The core problem is the following: given a bunch of computers (devices) with software installed on them (software), return a collection of devices that have software installed.

  • There are about 1.5M total software, expressed as combinations of name and version.
    • Each organization has about 1k different software installed on its devices.
    • Each device has about 200 software installed.
  • There are about 50k organizations.
  • There are about 800k devices.

So what's the problem?

As devices check in and tell our backend system about what software they have installed, we need to make updates to the graph to keep track of these changes. In order to do so, we need adequate write throughput. And since we're dealing with a graph database, which is an OLTP database, "throughput" really means the number of transactions per second. As we scale our system, can our transactions per second keep up?

So are we keeping up? Considering the architecture of our application, which I discussed in the post on that topic, Application Architecture for Data Ingestion into a Graph Database, we know whether we're keeping up with software updates based on Kafka offset lag for those events.
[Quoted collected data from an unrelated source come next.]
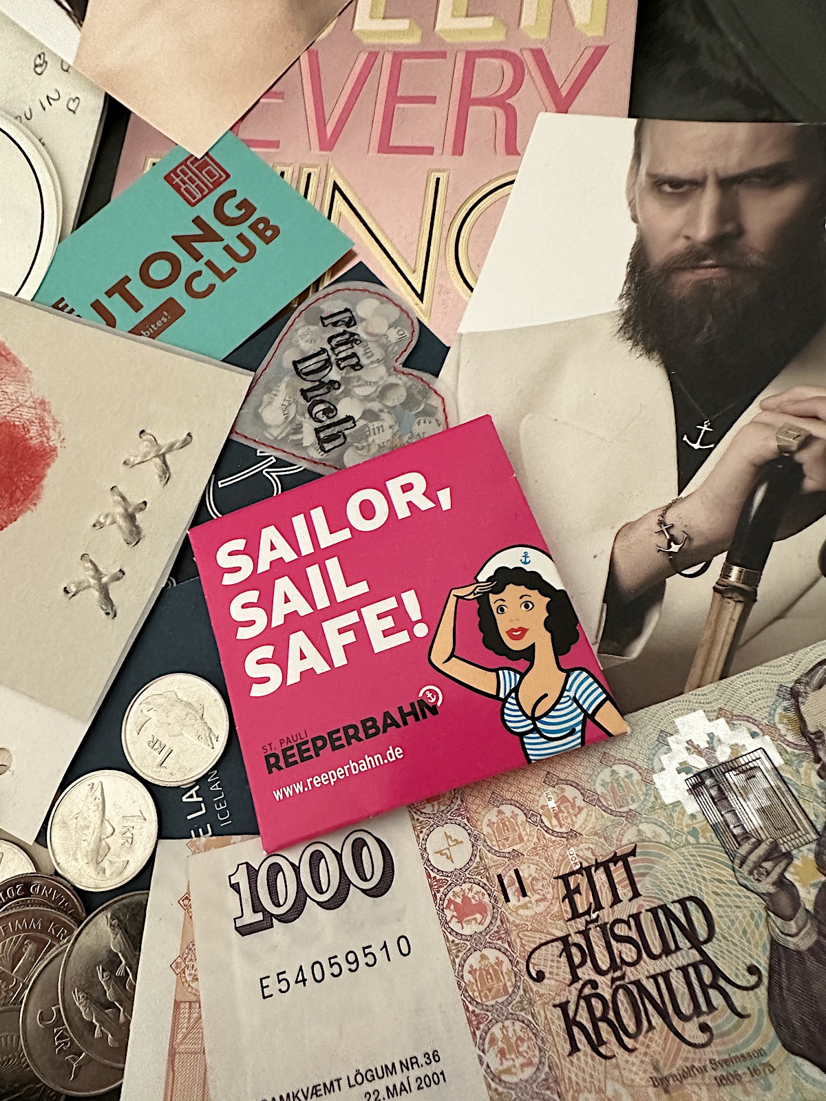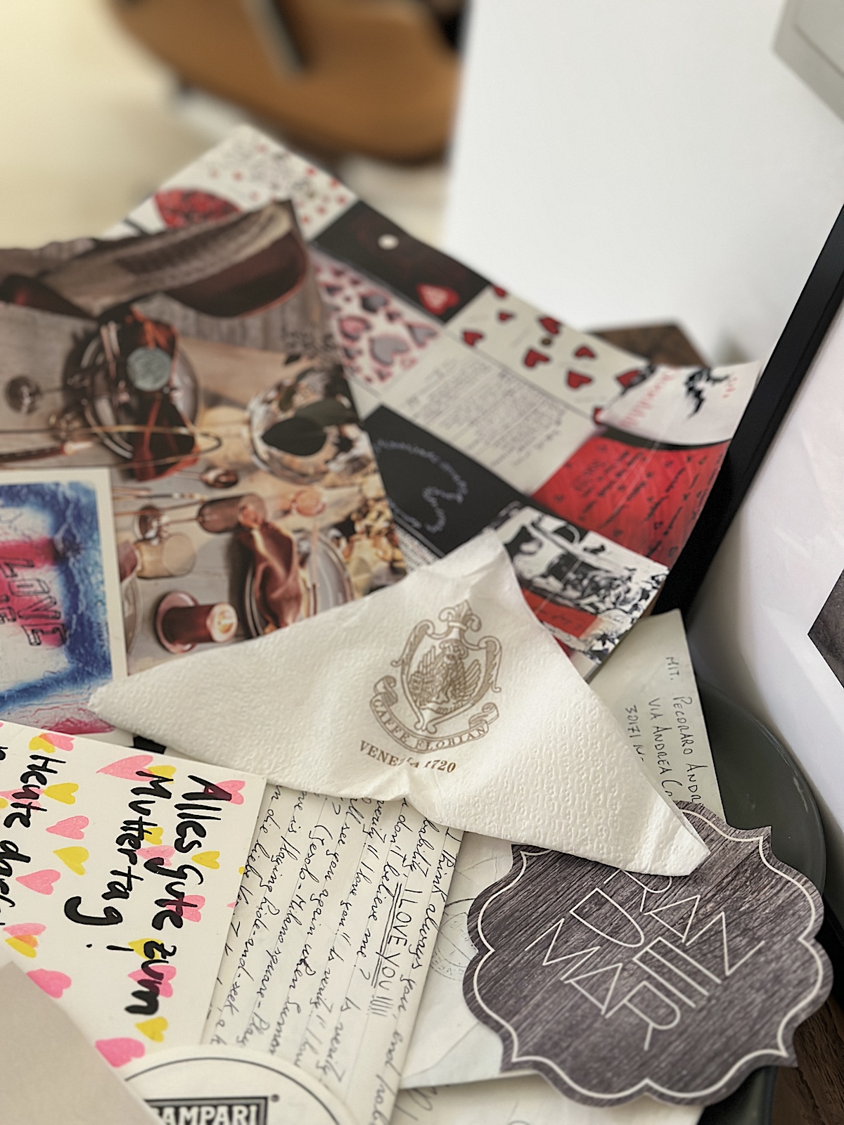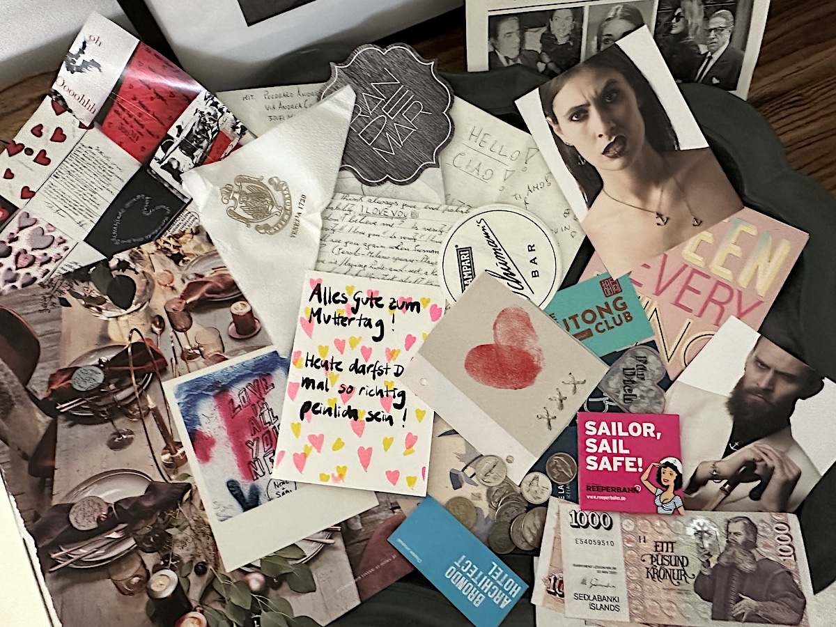 Hotelprospekte, Flyer, Visitenkarten, Postkarten unbeschriebene und erhaltene, Briefe, Stifte, Zeitschriften, Ausrisse aus Zeitschriften, die nicht aufhebenswert waren. Bilder sowieso. Schöne Kronkorken, Geld aus anderen Ländern (wie lange haben wir eigentlich schon in vielen Ländern den Euro?). Aus den Hotels die Kosmetikproben, aus Cafés die Zuckertütchen, Eintrittskarten von jedem Kino-, Museums- und Konzertbesuch. Restaurantrechnungen (die werden ja oft in so schönen Hüllen gebracht, zu schade zum wegwerfen). Einfach alles. Und gefühlt die letzten 20 Jahre…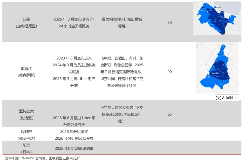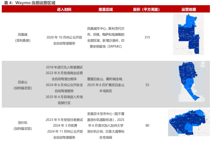 海外:Waymo运营范围不断拓展,当前已覆盖凤凰城、旧金山、洛杉矶、奥斯汀、亚特兰大等五座城市。其中,凤凰城为全球首个完全无人驾驶付费服务城市,已实现315平方英里的全自动驾驶服务覆盖;旧金山和洛杉矶陆续于2024年向公众开放服务,运营区域包括城市核心及周边社区;奥斯汀和亚特兰大已于2025年通过Uber平台向用户开放。目前Waymo正在迈阿密和东京积极推进测试布局。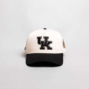 This A-frame snapback pairs a cream cotton crown with a black curved brim, featuring an embroidered "UK" logo on the front and a custom gold "Wildcats" side patch. Finished with signature "Grail" script embroidered on the black undervisor and a snapback closure for adjustable fit.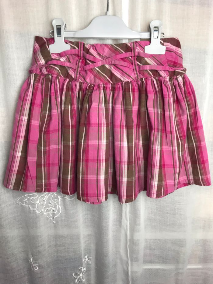 Jupe porte feuille écossaise fuchsia blanc et chocolat réglable à la ceinture 100% coton taille 4 ans Tape à l’œil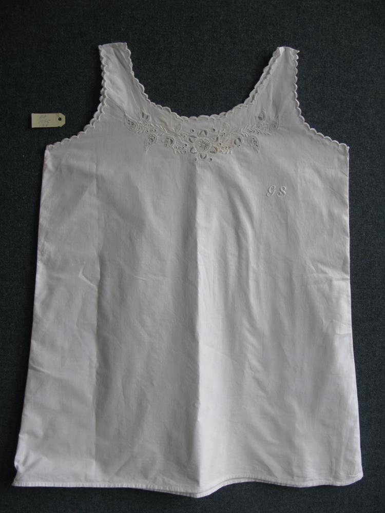 Hvítur undirkjóll mjög fallegur og vel gerður, merktur með stöfunum "G.S." sem saumaðir eru með flatsaum. Hálsmál og handakrikar er allir kappmellaðir í tungum. Kjóllinn er með smá blettum í munstri sem ekki hafa farið úr við þvott.
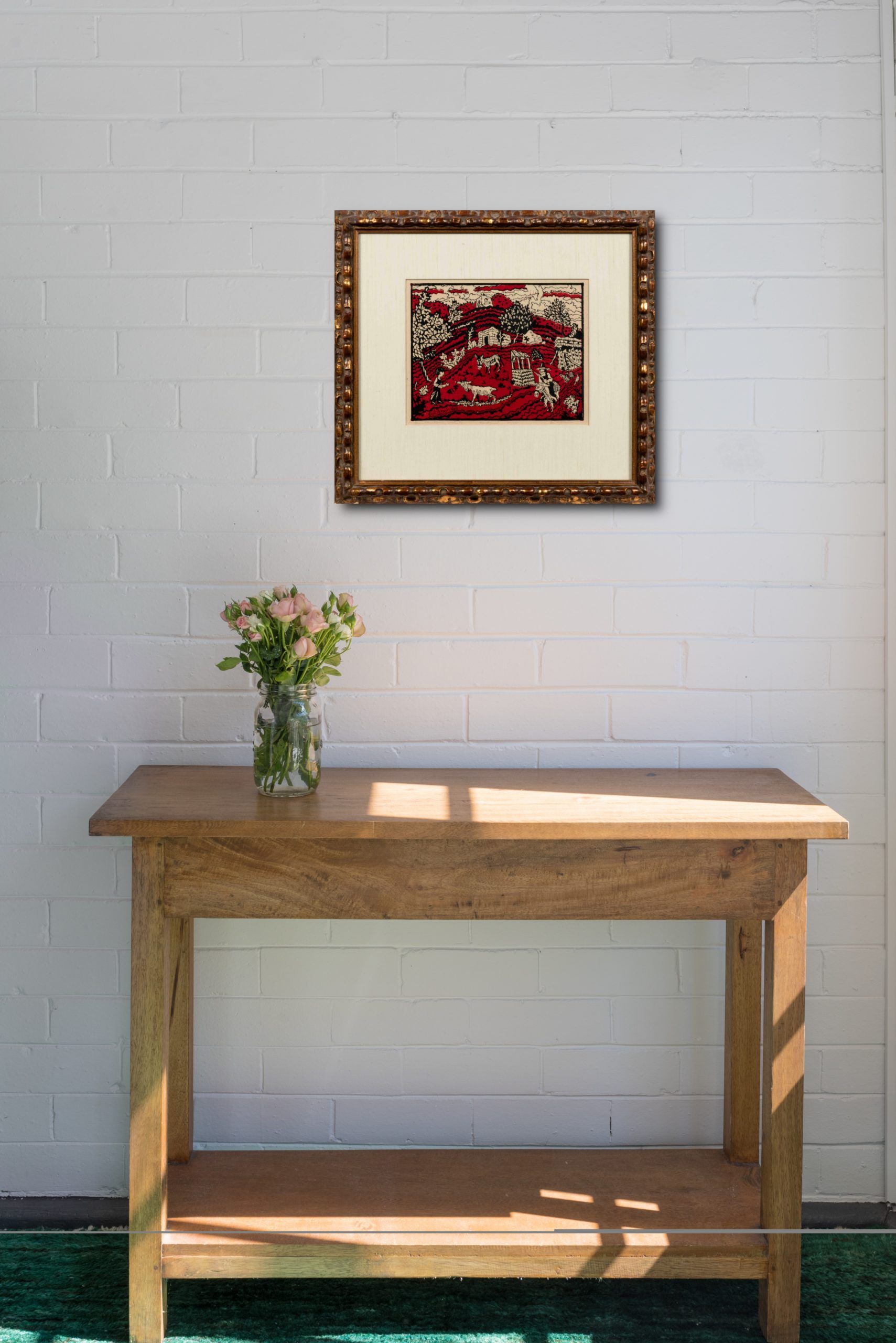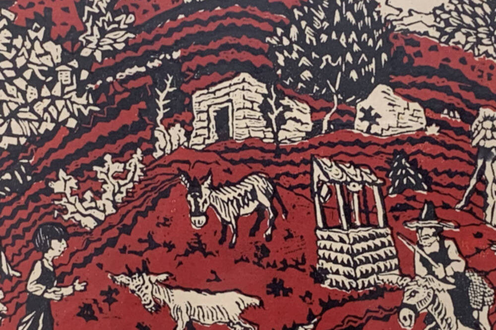 Woodcut print in black and red hand-printed by the artist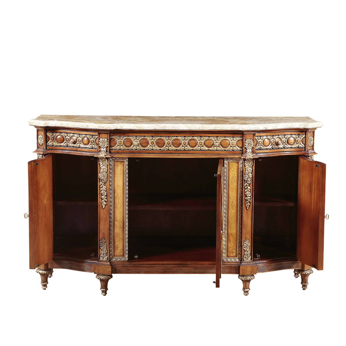 * 手工雕刻的工藝細(xì)節(jié),結(jié)實(shí)的連接技術(shù); * 光滑的花崗巖石表面; * 三個(gè)儲(chǔ)物抽斗,其底部采用經(jīng)典硬木實(shí)木滑軌設(shè)計(jì); * 三扇實(shí)木門板,門內(nèi)各有一塊可調(diào)層板; * 底部裝有可調(diào)腳釘;
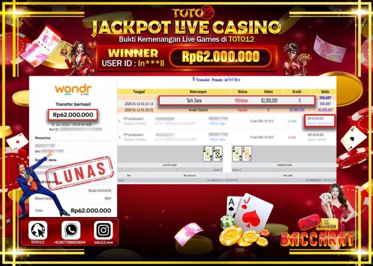 Selamat kepada Member Kami In****** Telah Jackpot dan berhasil mendapatkan kemenangan besar pada permainan JACKPOT LIVE CASINO (LIVE BACCARAT) Dengan Kemenangan Sebesar Rp.62.000.000 –. Setelah mengisi Fomulir Withdraw dengan Kurang waktu 1-2 Menit Dana sudah kami Trasnfer kepada Pemilik Userid dan dana sudah dapat di cairkan oleh pemenang. Bukti Pembayaran yang TOTO12 berikan merupakan Bukti Pembayaran…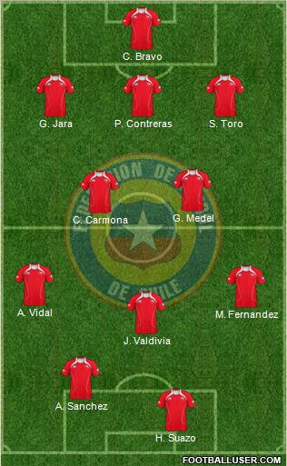 Bravo · Medel · Ponce · Isla · Campos Toro · Carmona · Pizarro · Valdivia · Beausejour · Sanchez · Suazo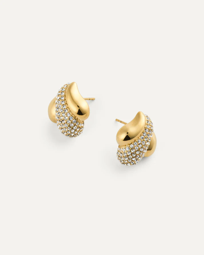 Skulpterad form med mjuka svep och tätt satta vita Preciosa-stenar som fångar ljuset. Guldfärgen ger ett tydligt uttryck som fungerar från vardag till kväll.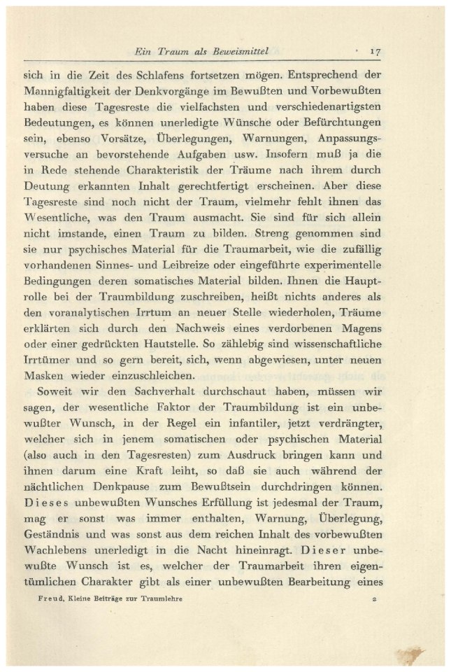 ihm den Tiefencharakter der Wunscherfüllung nachzuweisen. Wir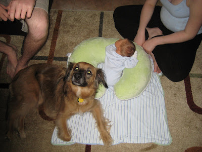 Both Sadie and Perry like to be around Ben to guard him, especially during tummy time.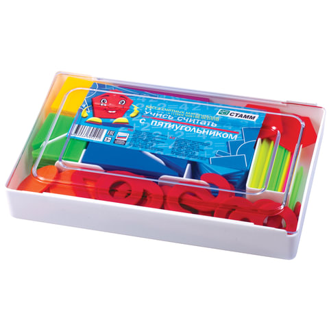 Обучающая и развивающая касса. Предназначена для развития навыков счёта у детей. Пластиковый короб обеспечивает удобное хранение. Состав кассы: геометрические фигуры, цифры, арифметические знаки и счетные палочки.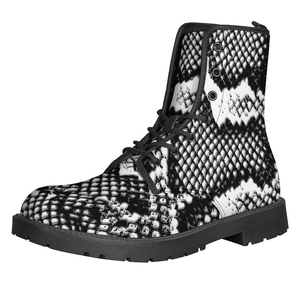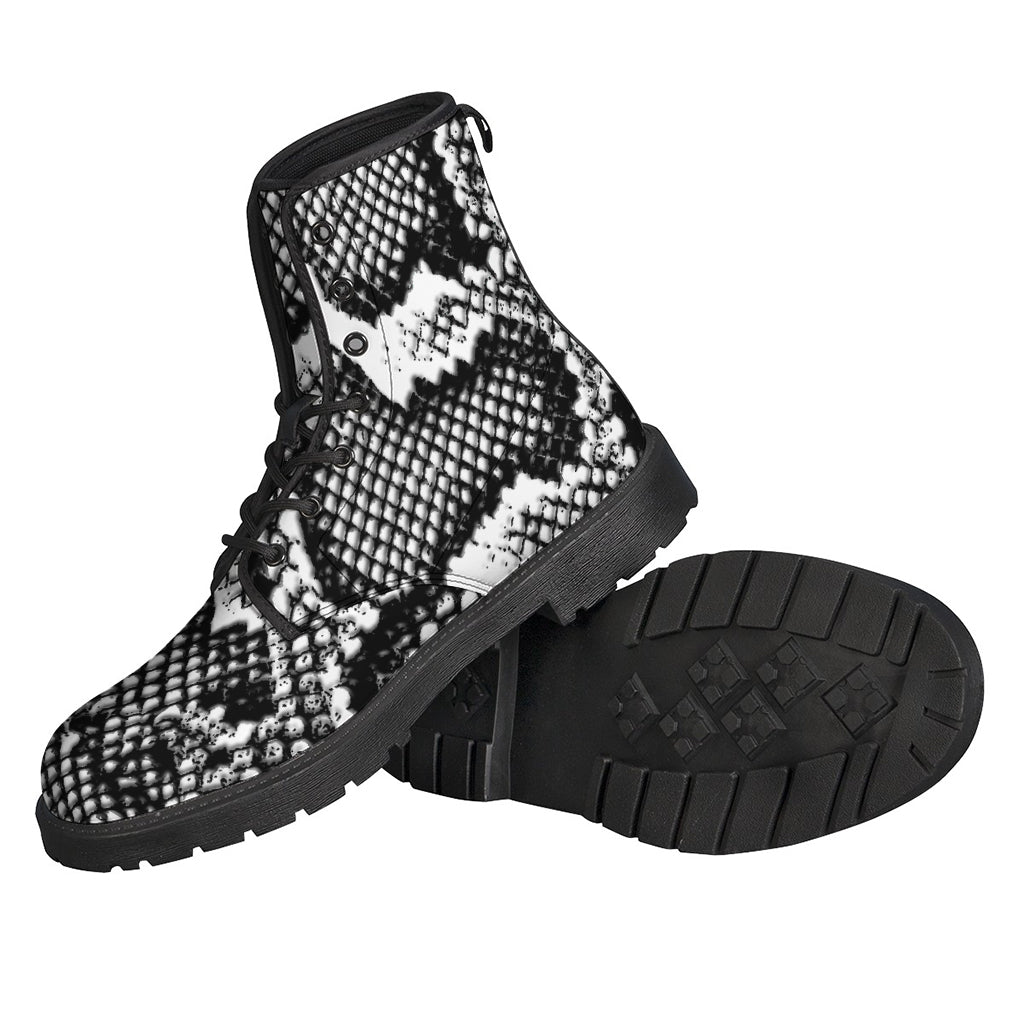 These black and white snakeskin print leather boots are the epitome of hippie style and attitude. Made from lightweight leather, they are perfect for long days of grooving at music festivals or exploring nature. The unique snakeskin print adds a touch of bohemian flair, while the sturdy construction ensures they will last through all your adventures. With a comfortable fit and stylish design, these boots are a must-have for any modern-day hippie looking to add some extra flair to their wardrobe.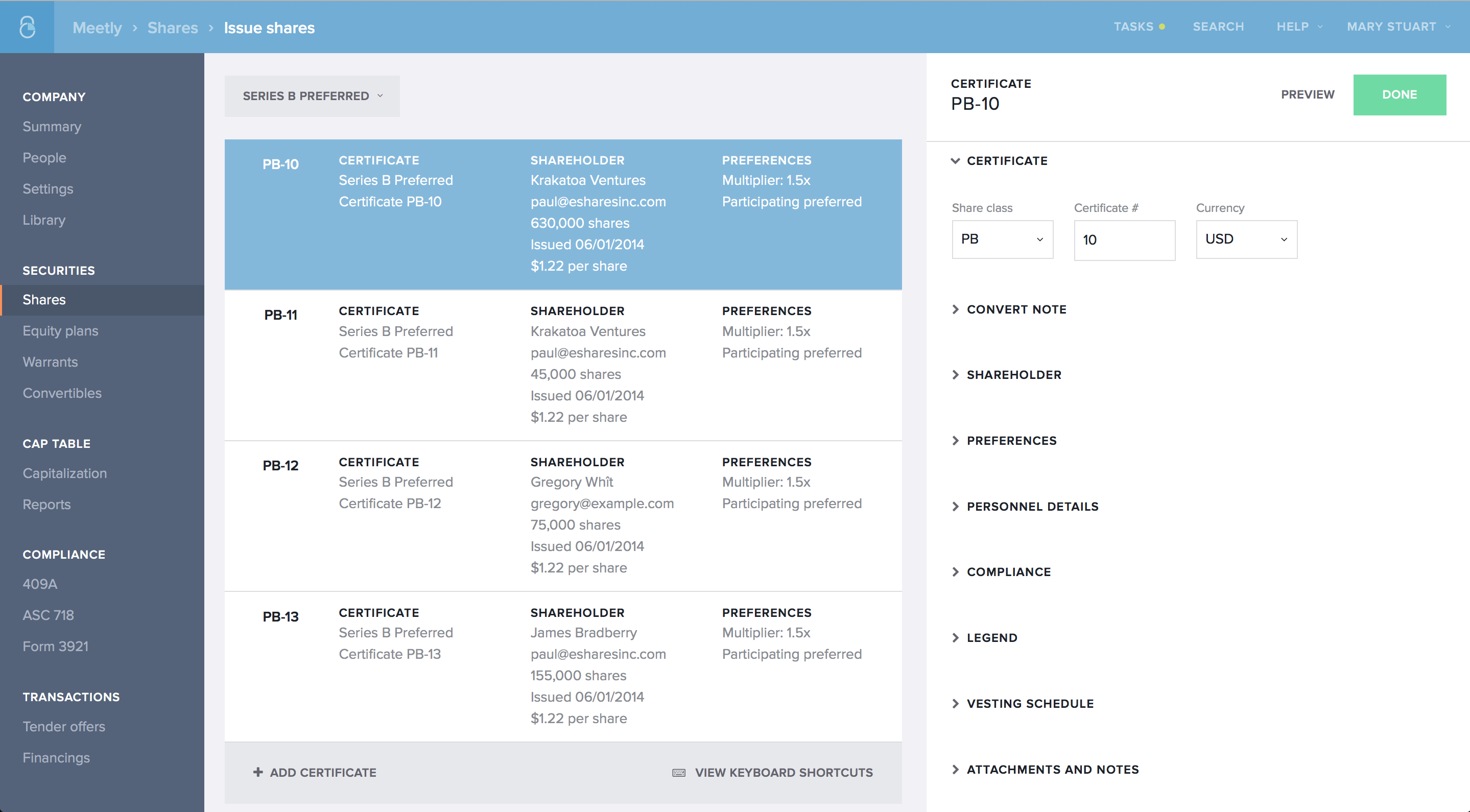 I've been using eShares for some time. It's great! Very useful and easy to manage stocks, options, etc. Their support staff is also amazing. Bonus: great design too.

Kafka Offset Lag, ELI5 An offset is a number that represents what message a given consumer group is on. If Kafka currently has 100 messages on a topic, and a consumer group is on offset number 3, they have 97 more messages to get through, which is a 97 "offset lag." Different consumer groups track their offsets separately; one group might be on message 56, and only have an offset lag of 44, while the first group is still on 3. As consumers consume messages, their offset (count of processed messages) grows and their lag decreases. As more messages pile into Kafka, the maximum offset (total number of messages available) increases and consumers work to keep up. Offset lag isn't inherently bad, but if it can be: if available messages grow faster than you consume them, or if messages sit around for too long and get expired (configured as retention period) before you, the consumer, can get to them.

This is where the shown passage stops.